In [66]:
import requests
import json
import yaml
import pandas as pd

# Aim

Return a lookup from ABC accession to CL term.
Do this based on harvesting old CL mappings and mapping forwards on names.

There are 3 sources of mappings

- old root node mappings
- cell set mappings
- NT mappings

NT mappings should supercede any existing mappings to NT.

In [85]:
## NT mappings (using label names from ABC atlas)

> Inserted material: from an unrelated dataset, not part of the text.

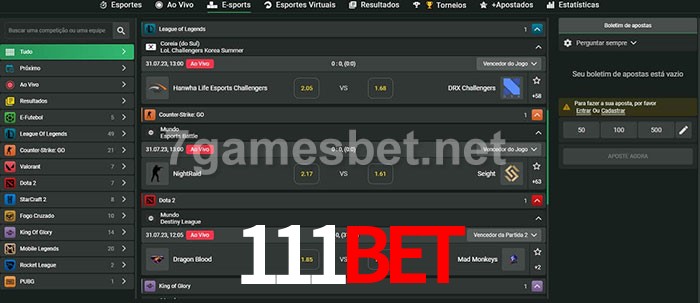 O 111bet oferece uma grande seleção de opções de apostas em e-sports com probabilidades competitivas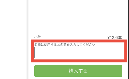 カートに入れた後、購入ボタンの前にある入力欄に、希望のお名前を入力ください。

NT =  { 'Glut': {'ID': 'CL:0000679', 'label': 'glutamatergic neuron'},
        'GABA': {'ID': 'CL:0000617', 'label': 'GABAergic neuron'},
        'Sero': {'ID': 'CL:0000850', 'label': 'serotonergic neuron'},
        'Dopa': {'ID': 'CL:0000700', 'label': 'dopaminergic neuron'},
        'Chol': {'ID': 'CL:0000108', 'label': 'cholinergic neuron'},
        'Hist': {'ID': 'CL:0011110', 'label': 'histaminergic neuron'},
        'Nora': {'ID': 'CL:0008025', 'label': 'noradrendergic neuron'}       
      }


In [86]:
# Make a CL ID to label lookup
clget = requests.get("http://purl.obolibrary.org/obo/cl/cl.json")
cl = json.loads(clget.content)['graphs'][0]
cl_lookup = { n['id'].replace("http://purl.obolibrary.org/obo/CL_", "CL:") : n['lbl'] 
          for n in cl['nodes'] 
          if 'lbl' in n.keys() }

In [87]:
# Function for generating quick dictionary lookups from dataframes - cos I suck a pandas joins
def df2dict(df: pd.DataFrame, key_column: str):
    return df.set_index(key_column).fillna('').to_dict(orient='index')

In [88]:
# Old taxonomy has CL mappings and the names we will use to map forward.
old_taxonomy = pd.read_csv('../data/BDSO_taxonomy_templates/nomenclature_table_CS202212150_annotated.csv', sep=',')
old_taxonomy[['cell_set_preferred_alias', 'CL',]].dropna()[0:3]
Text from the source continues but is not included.